AIM OF THE EXERCISE: Below are some records. Write out exactly their lines from the one with "теми кваліфікаційної роботи." through the one with "Elegante Terrario in", and leave the pictures behind.

── DATASET RECORDS

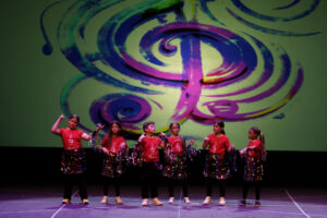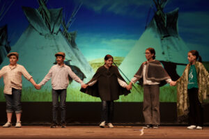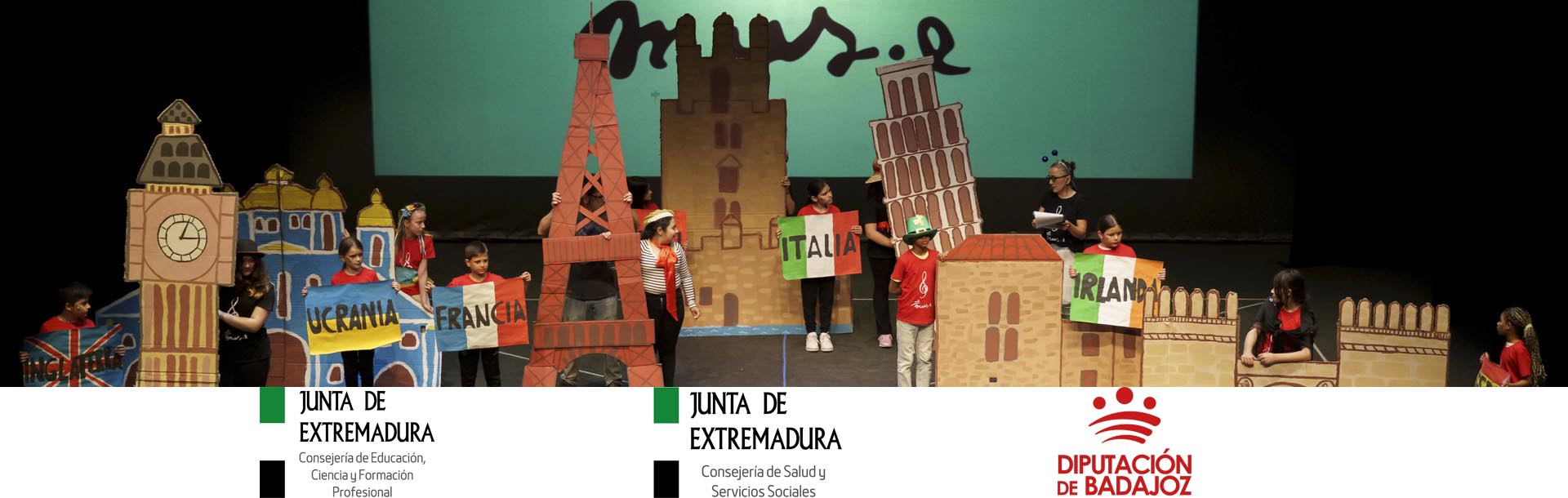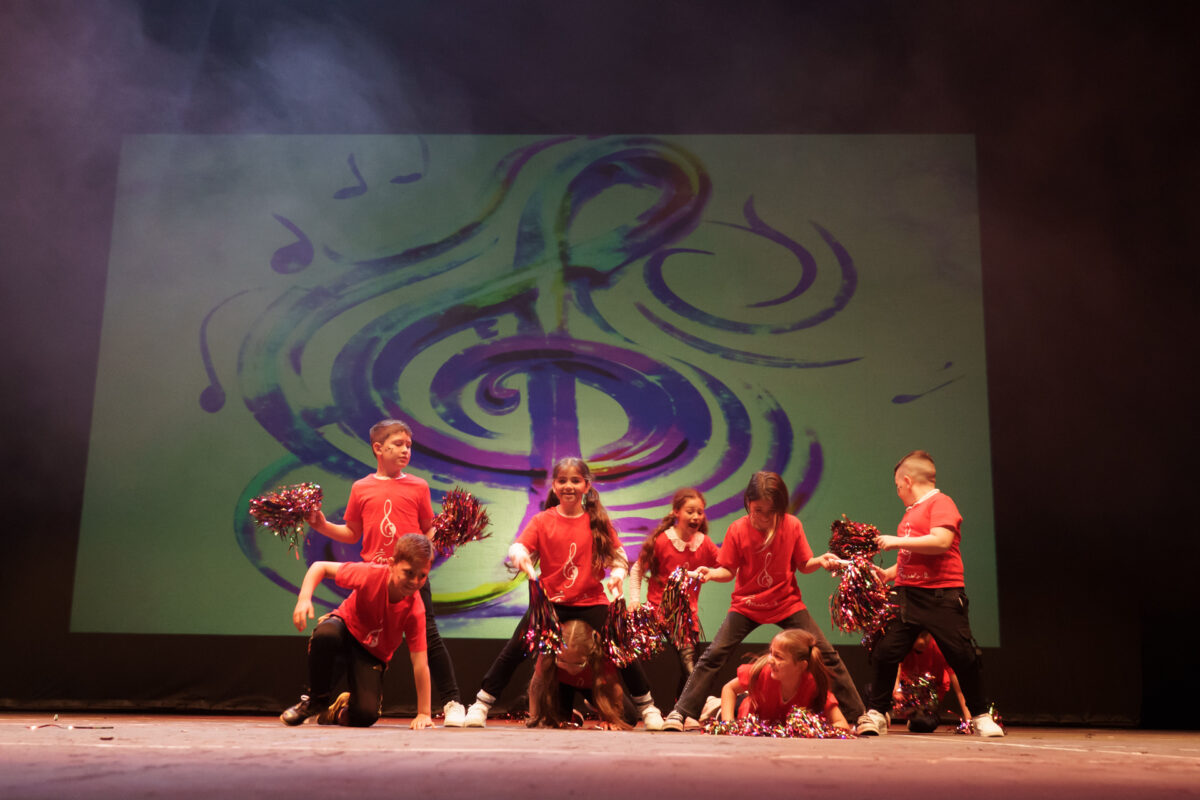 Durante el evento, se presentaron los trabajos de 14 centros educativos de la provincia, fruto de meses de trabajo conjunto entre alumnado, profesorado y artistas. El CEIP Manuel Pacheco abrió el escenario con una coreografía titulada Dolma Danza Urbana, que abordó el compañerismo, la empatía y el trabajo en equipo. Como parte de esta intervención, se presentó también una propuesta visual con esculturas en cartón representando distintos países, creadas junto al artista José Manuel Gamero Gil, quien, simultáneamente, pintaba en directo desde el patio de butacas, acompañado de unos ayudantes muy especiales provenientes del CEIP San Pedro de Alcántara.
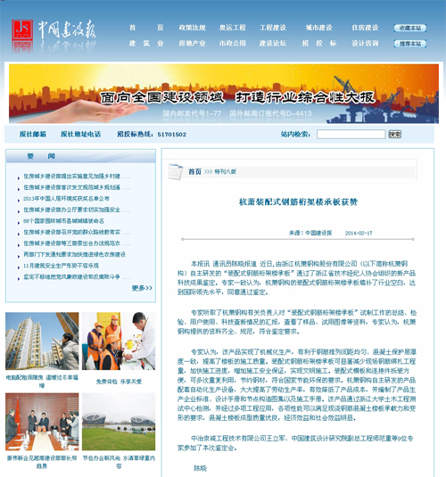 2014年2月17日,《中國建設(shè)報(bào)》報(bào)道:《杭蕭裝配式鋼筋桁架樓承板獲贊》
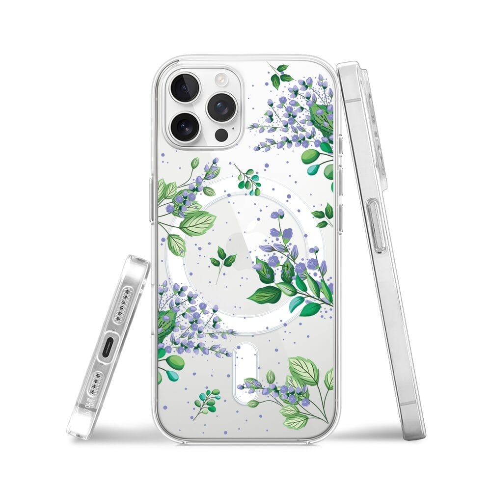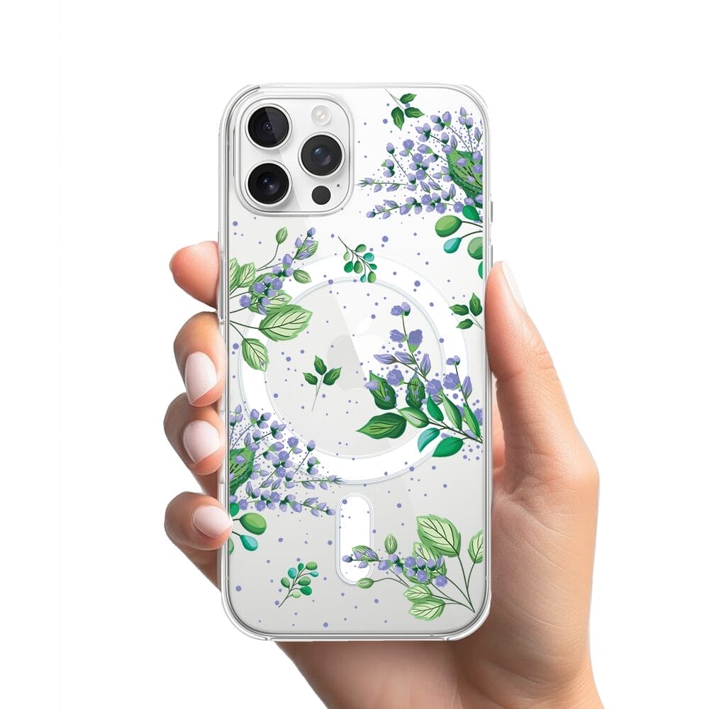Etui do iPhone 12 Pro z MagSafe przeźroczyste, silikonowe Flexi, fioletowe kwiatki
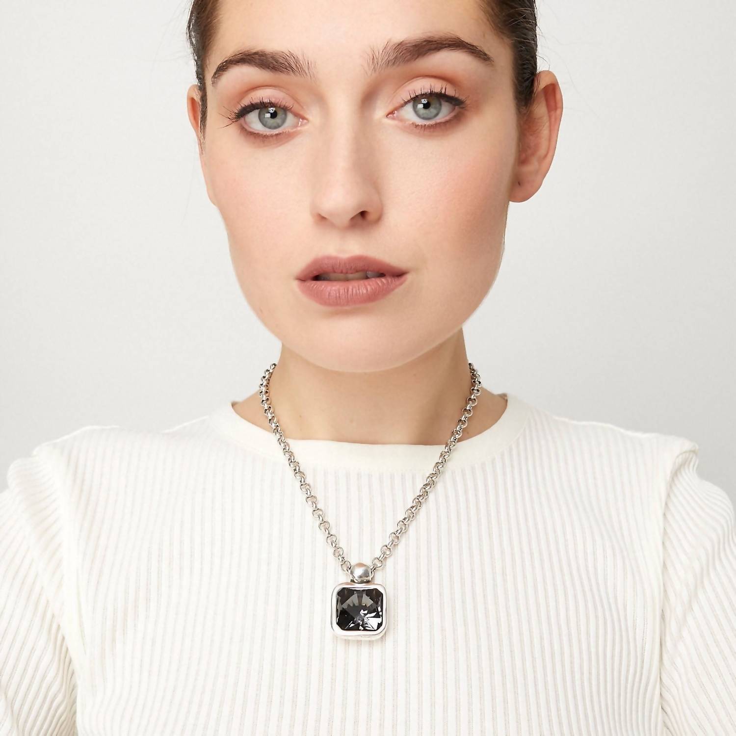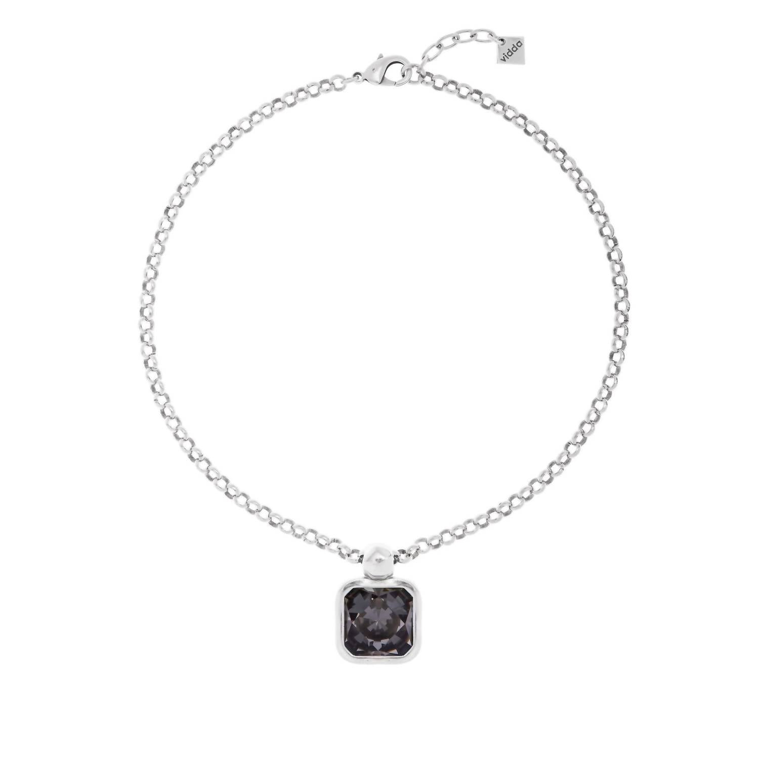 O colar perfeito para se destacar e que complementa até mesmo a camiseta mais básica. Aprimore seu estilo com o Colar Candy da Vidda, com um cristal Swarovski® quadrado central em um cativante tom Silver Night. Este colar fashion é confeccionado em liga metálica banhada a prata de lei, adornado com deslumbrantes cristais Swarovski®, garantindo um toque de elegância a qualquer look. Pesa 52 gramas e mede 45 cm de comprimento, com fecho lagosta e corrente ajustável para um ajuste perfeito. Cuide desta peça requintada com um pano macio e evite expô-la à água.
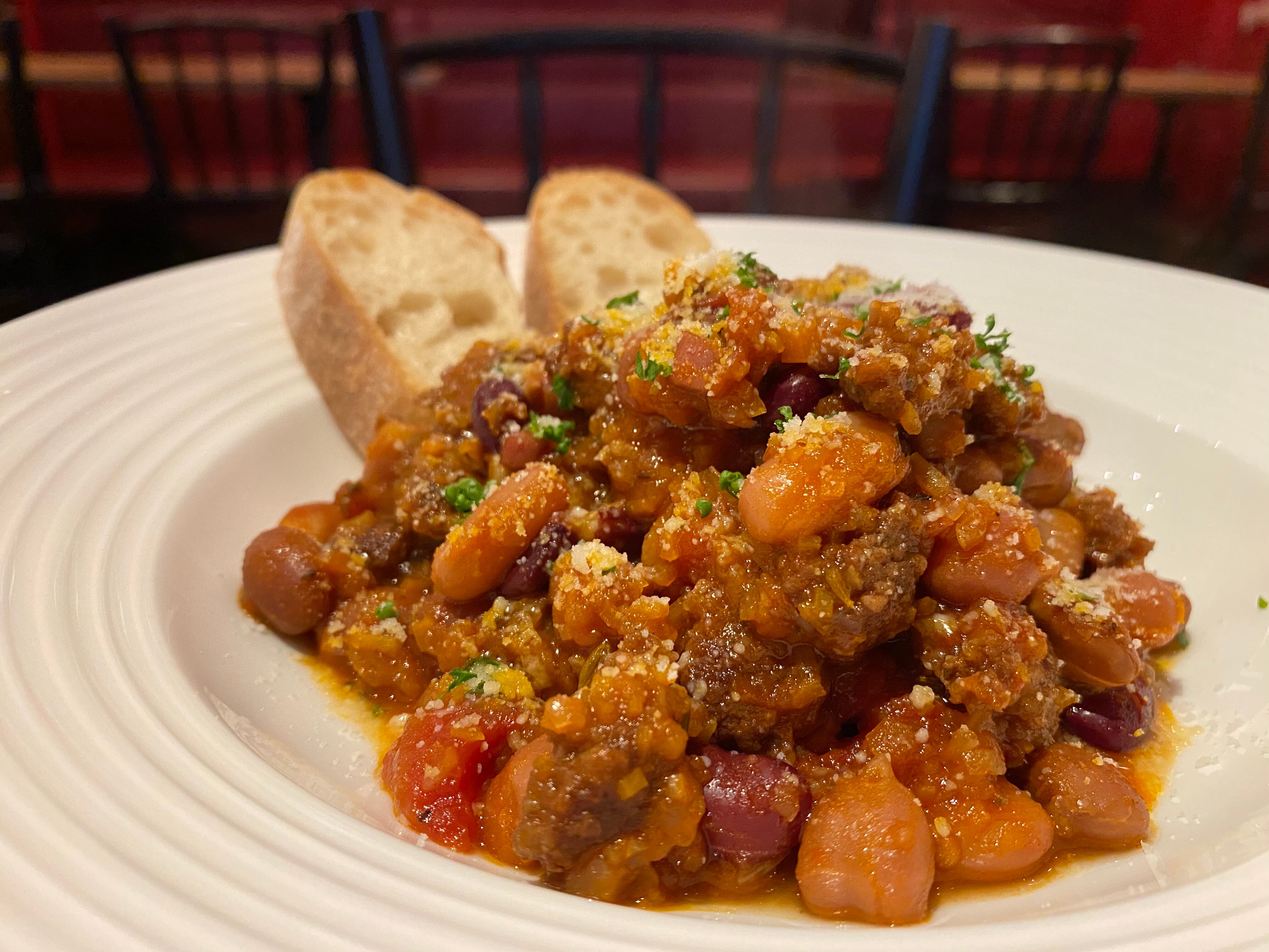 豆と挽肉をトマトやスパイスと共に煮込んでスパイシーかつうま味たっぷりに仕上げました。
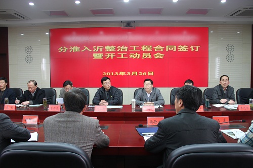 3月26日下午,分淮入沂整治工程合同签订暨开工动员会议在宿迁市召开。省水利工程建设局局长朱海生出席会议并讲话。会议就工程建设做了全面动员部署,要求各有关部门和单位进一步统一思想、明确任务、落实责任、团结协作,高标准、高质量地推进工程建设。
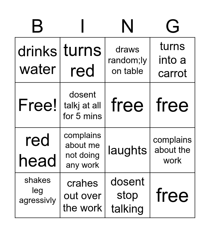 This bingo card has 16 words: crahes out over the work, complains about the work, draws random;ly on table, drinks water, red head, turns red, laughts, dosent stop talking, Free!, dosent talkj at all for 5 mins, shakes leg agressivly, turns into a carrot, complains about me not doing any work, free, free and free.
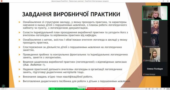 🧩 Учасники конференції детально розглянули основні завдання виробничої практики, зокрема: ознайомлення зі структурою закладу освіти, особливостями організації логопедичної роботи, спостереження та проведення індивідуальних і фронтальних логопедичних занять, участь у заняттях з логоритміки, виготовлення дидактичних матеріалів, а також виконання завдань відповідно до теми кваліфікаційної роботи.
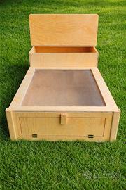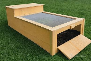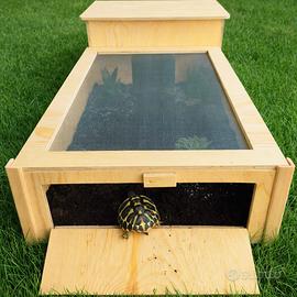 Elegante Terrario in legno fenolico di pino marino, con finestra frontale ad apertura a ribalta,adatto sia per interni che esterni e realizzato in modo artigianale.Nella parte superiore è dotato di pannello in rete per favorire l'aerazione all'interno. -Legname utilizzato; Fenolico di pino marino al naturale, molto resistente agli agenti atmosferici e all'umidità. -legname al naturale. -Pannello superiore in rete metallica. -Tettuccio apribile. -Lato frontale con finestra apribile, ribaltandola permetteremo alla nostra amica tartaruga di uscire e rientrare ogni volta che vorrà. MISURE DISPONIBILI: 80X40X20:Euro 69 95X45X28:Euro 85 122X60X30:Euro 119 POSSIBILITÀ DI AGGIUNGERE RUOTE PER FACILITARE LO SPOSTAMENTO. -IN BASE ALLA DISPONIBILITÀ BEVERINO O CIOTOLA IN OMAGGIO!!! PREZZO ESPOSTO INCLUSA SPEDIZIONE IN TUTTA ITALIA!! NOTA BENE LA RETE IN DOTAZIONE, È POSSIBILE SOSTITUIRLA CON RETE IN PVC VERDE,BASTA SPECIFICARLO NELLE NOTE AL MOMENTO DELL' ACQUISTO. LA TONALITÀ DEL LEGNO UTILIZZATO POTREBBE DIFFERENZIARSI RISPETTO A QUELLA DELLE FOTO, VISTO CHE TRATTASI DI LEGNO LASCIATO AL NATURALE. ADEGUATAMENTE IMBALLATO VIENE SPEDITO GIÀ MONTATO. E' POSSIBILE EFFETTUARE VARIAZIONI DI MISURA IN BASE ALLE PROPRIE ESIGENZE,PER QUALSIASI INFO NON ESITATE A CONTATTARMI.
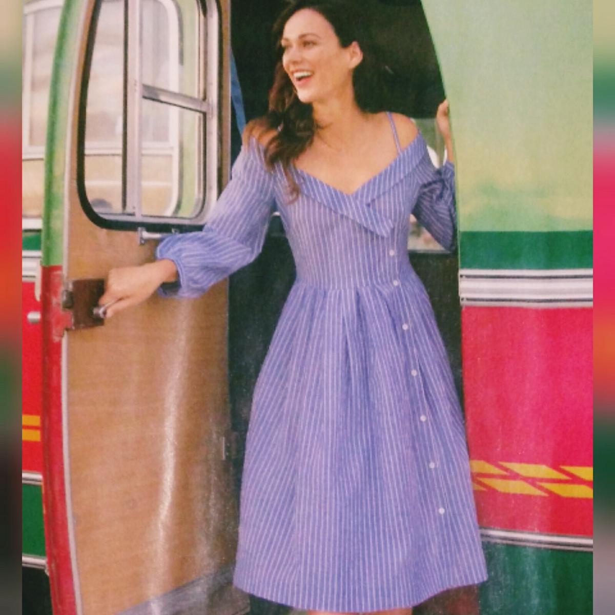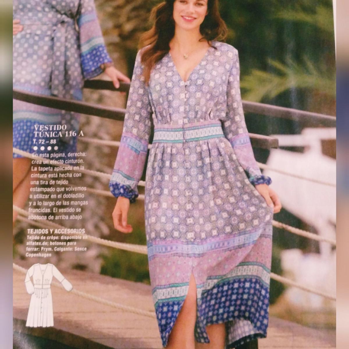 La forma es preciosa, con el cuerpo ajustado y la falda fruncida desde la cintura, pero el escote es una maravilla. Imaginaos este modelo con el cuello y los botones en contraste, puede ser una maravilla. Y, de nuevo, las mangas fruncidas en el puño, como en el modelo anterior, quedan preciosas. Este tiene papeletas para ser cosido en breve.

────

RESULT OF THE TASK:
 🧩 Учасники конференції детально розглянули основні завдання виробничої практики, зокрема: ознайомлення зі структурою закладу освіти, особливостями організації логопедичної роботи, спостереження та проведення індивідуальних і фронтальних логопедичних занять, участь у заняттях з логоритміки, виготовлення дидактичних матеріалів, а також виконання завдань відповідно до теми кваліфікаційної роботи.
 Elegante Terrario in legno fenolico di pino marino, con finestra frontale ad apertura a ribalta,adatto sia per interni che esterni e realizzato in modo artigianale.Nella parte superiore è dotato di pannello in rete per favorire l'aerazione all'interno. -Legname utilizzato; Fenolico di pino marino al naturale, molto resistente agli agenti atmosferici e all'umidità. -legname al naturale. -Pannello superiore in rete metallica. -Tettuccio apribile. -Lato frontale con finestra apribile, ribaltandola permetteremo alla nostra amica tartaruga di uscire e rientrare ogni volta che vorrà. MISURE DISPONIBILI: 80X40X20:Euro 69 95X45X28:Euro 85 122X60X30:Euro 119 POSSIBILITÀ DI AGGIUNGERE RUOTE PER FACILITARE LO SPOSTAMENTO. -IN BASE ALLA DISPONIBILITÀ BEVERINO O CIOTOLA IN OMAGGIO!!! PREZZO ESPOSTO INCLUSA SPEDIZIONE IN TUTTA ITALIA!! NOTA BENE LA RETE IN DOTAZIONE, È POSSIBILE SOSTITUIRLA CON RETE IN PVC VERDE,BASTA SPECIFICARLO NELLE NOTE AL MOMENTO DELL' ACQUISTO. LA TONALITÀ DEL LEGNO UTILIZZATO POTREBBE DIFFERENZIARSI RISPETTO A QUELLA DELLE FOTO, VISTO CHE TRATTASI DI LEGNO LASCIATO AL NATURALE. ADEGUATAMENTE IMBALLATO VIENE SPEDITO GIÀ MONTATO. E' POSSIBILE EFFETTUARE VARIAZIONI DI MISURA IN BASE ALLE PROPRIE ESIGENZE,PER QUALSIASI INFO NON ESITATE A CONTATTARMI.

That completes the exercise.